Every read added to a contig must match the consensus build by previously inserted reads. As the overall working mechanism of the assembly algorithm will insert reads with good quality and strong overlaps into a contig first, there is a reasonable chance to believe that the actual consensus formed by these reads is quite correct up to a certain threshold.

If a newly inserted read shows too many discrepancies to the actual consensus sequence, the contig will invariably reject this read and the edge representing the corresponding overlap will be removed from the assembly graph. The main reasons for overlaps of this type being present in the assembly graph include spurious matches that slipped through Smith-Waterman, repetitive sequence and chimeric reads.

Repeat marker tags

However, using additional information that is available at the time of assembly proves useful. For example, known standard repetitive elements - e.g. the so called ALU repeat type in human genome - can easily be tagged in the data preprocessing step of the assembly. It is therefore possible to apply much stricter control mechanisms in those stretches of a sequence known to be repetitive and therefore dangerous to the assembly process. In many cases, the copies present across different regions of a genome are up to 98% to 99% similar, hence the necessity to be able to decide upon a few bases that might really differ.
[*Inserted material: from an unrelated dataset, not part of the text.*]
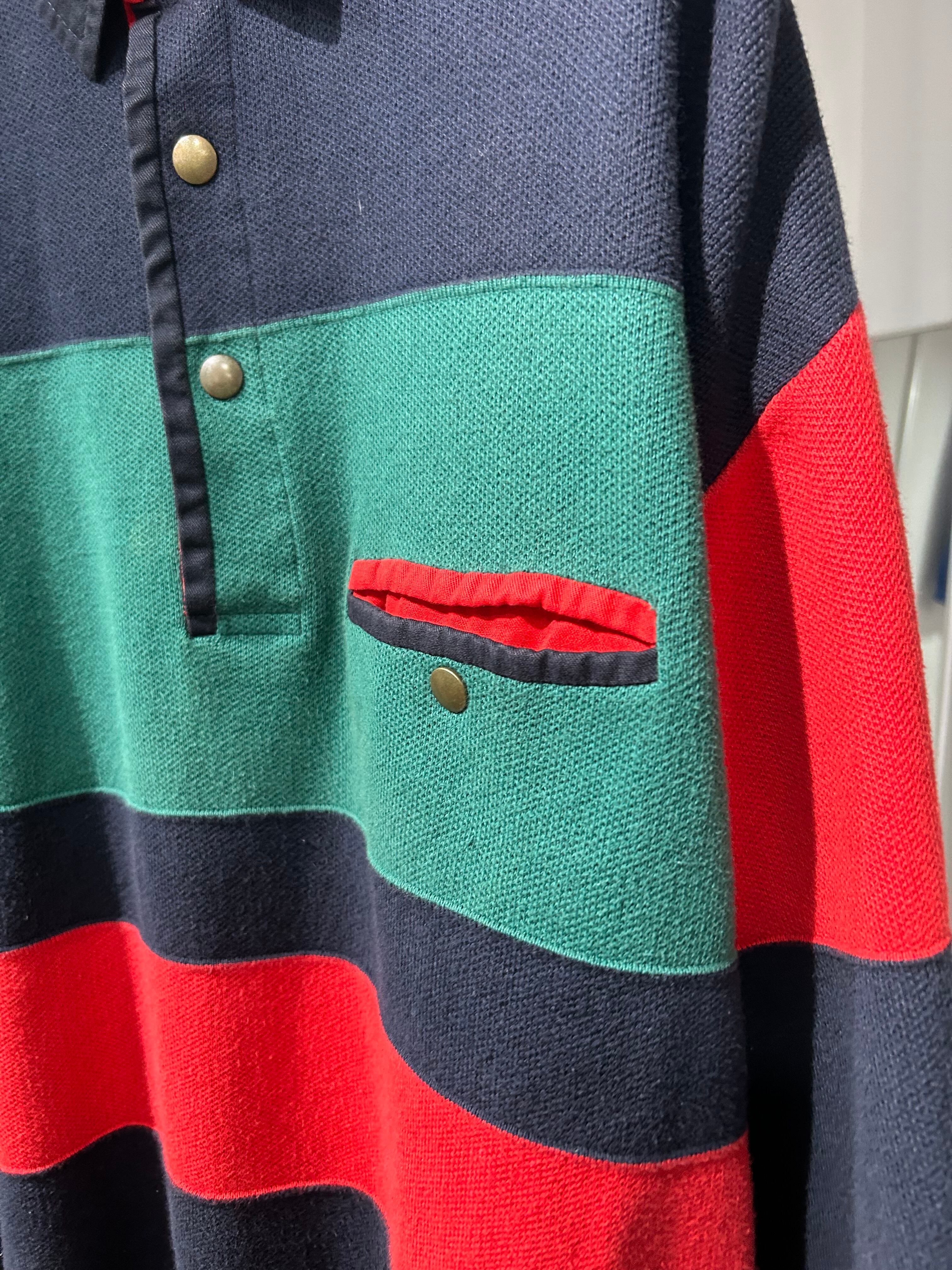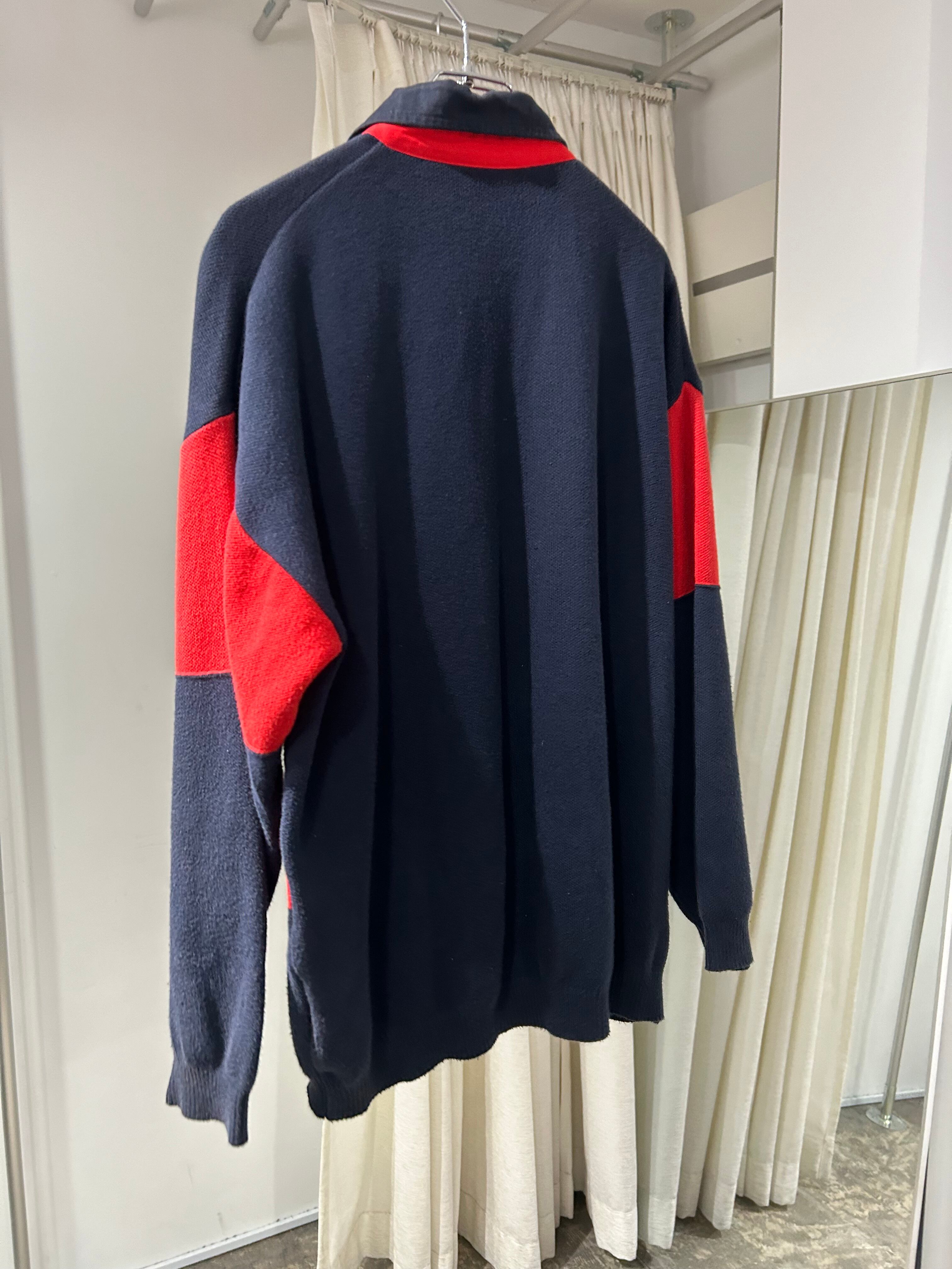 肉厚なコットンニットボディにスナップボタン、ワークジャケットのような襟、いろいろと面白い古着です。
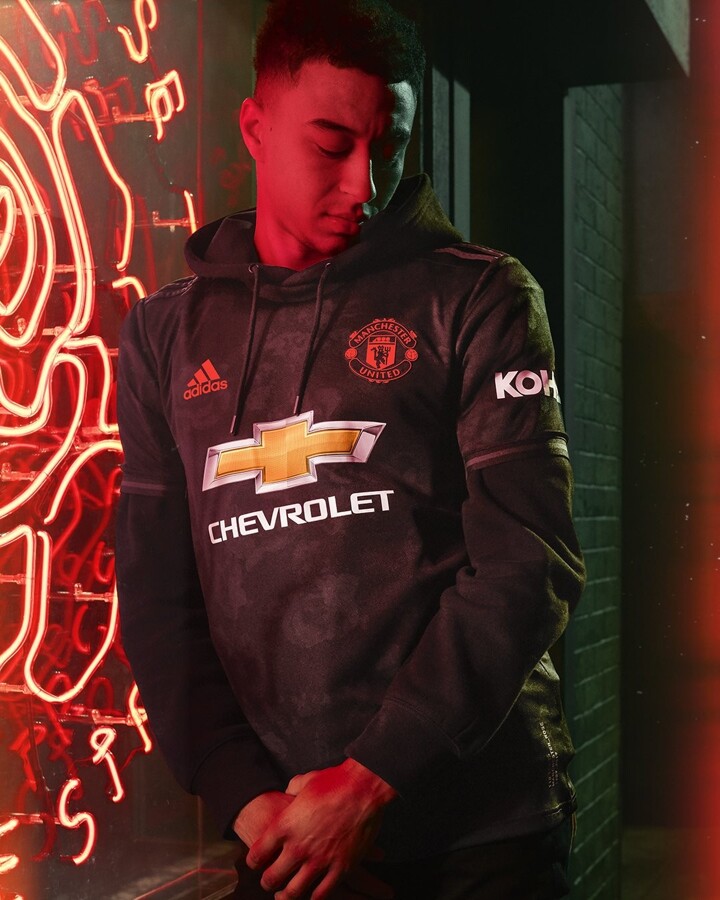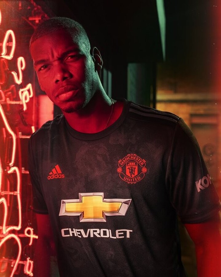 The Manchester United 2019-2020 third kit is predominantly black with bright red logos on the chest and tonal 3 Stripes on the shoulders.

In case of repetitive sequences, each discrepancy between a newly inserted read and the actual consensus is treated as single-base error region, i.e. the explanation of the possible base-call error to be analysed has to be searched in the immediate vicinity of the base. The question the simple signal analysis (see the following section) has to answer is if whether or not it is possible - that is, if there is enough evidence in the trace data - to substitute the offending base of the new read against the base calculated in the consensus. If signal analysis reveals that it is possible to substitute bases, the error is treated as 'explainable' error and it is treated as 'unexplainable' if not.

If the percentage of 'unexplainable' errors in the repetitive region surpasses a certain threshold (default value is 1%), then the newly inserted read will be rejected from the consensus and its node put back into the assembly graph as shown in figure 34.

**Figure 34:** Using additional information on standard repetitive stretches, the contig object checks the repeat regions more thoroughly and rejects reads that have too many errors that cannot be explained by signal analysis. Example continued in figure 35 on page .
$\includegraphics[width=\textwidth]{figures/wrongassalu}$

Simple signal analysis

The best method to adjudicate on conflicting bases of different reads is to perform signal analysis, going back to the original trace data produced by the sequencing machines. This labour intensive task is normally executed by highly trained personnel although in a significant number of cases it is fairly easy to decide on conflicting readings by analysing the trace data.

Two different computational methods have been established in the past years to adjudicate om conflicting bases in reads. The probably most common method is the usage of quality values first introduced by Staden (1989) and further developed by Bonfield et al. (1995a). The concept was then refined to probability values by Ewing and Green (1998). Base probability values are experimentally gained, position-specific probabilities of error for each base-call in a read as a function of certain parameters computed from trace data. Probability values are of high value for finding bases with weak quality, but these values are mostly only available for the called bases, not for uncalled ones. For an assembler, it is a big drawback not to have the capability to search for alternative base-calls that might have been possible at the same position in the trace.

Another suggestion on incorporating electrophoresis data into the assembly process promoted the idea of capturing intensity and characteristic trace shape information and provide these as additional data to the assembly algorithm (Allex et al. (1997,1996)). Although methods for storing alternative base calls and other data have been suggested (Walther et al. (2001)), the approach from Ewing and Green (1998) produces results that are simple to handle and apparently 'good enough' so that it has imposed itself as standard over the years.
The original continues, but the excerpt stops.